*TASK GOAL*
The answer should consist of each line below that contains the word "with".
======== DATA SHOWN
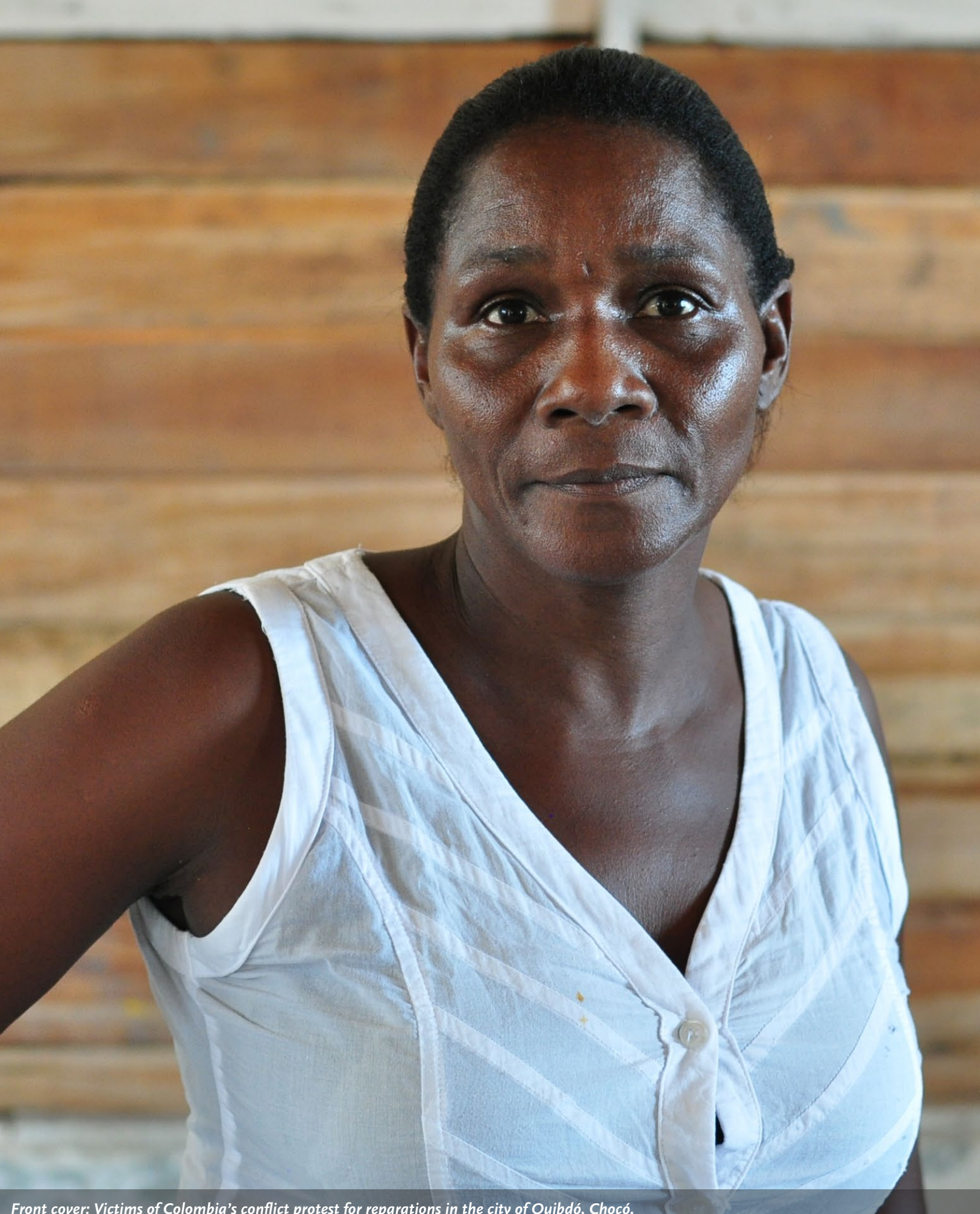
Front cover: Victims of Colombia's conflict protest for reparations in the city of Quibdó, Chocó. This page: This woman and her entire riverside community in the Deparment of Chocó are demanding collective reparations for being displaced by the conflict.
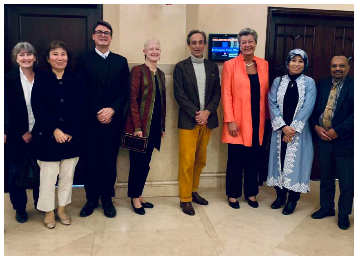
ISLAMABAD: Heads of the UN organizations based in Pakistan posing for a picture with the visiting EU commissioner.

The Islamabad Museum is the entity of the Federal Department of Archaeology and Museums, National Heritage and Culture Division. The Museum was established in September, 2002. In the Museum, an effort has been made to delineate the saga of evolution of cultures and civilizations in Pakistan through display of artifacts, and works of arts. The Museum covers the history of Pakistan through the artifacts displayed in chronological order, incorporating one of the earliest man-made tool, dating back to 2 million years, collected from Soan Valley, nine thousands years old objects from Mehrgarh (Balochistan), artifacts of world celebrated Indus valley civilization and statutory of Gandhara Civilization. The antiquity representing Kot Digi, Gandhara Grave Culture.—APP
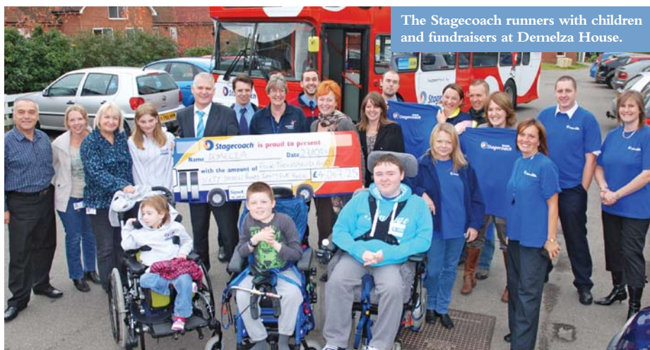
The Stagecoach runners with children and fundraisers at Demelza House.

■ To nominate someone, simply complete an application form available from lindsay.reid@stagecoachgroup.com or, for more information, visit www.givethemasportingchance.com
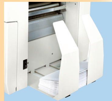
Standard Catch Tray
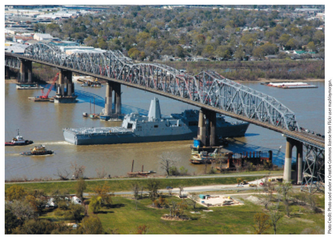
The USS New Orleans leaves the Avondale Shipyard in 2007.

"We will fly by our own steering, not by an outside corporate entity," Couch says.
================
*FINAL ANSWER*
ISLAMABAD: Heads of the UN organizations based in Pakistan posing for a picture with the visiting EU commissioner.
The Stagecoach runners with children and fundraisers at Demelza House.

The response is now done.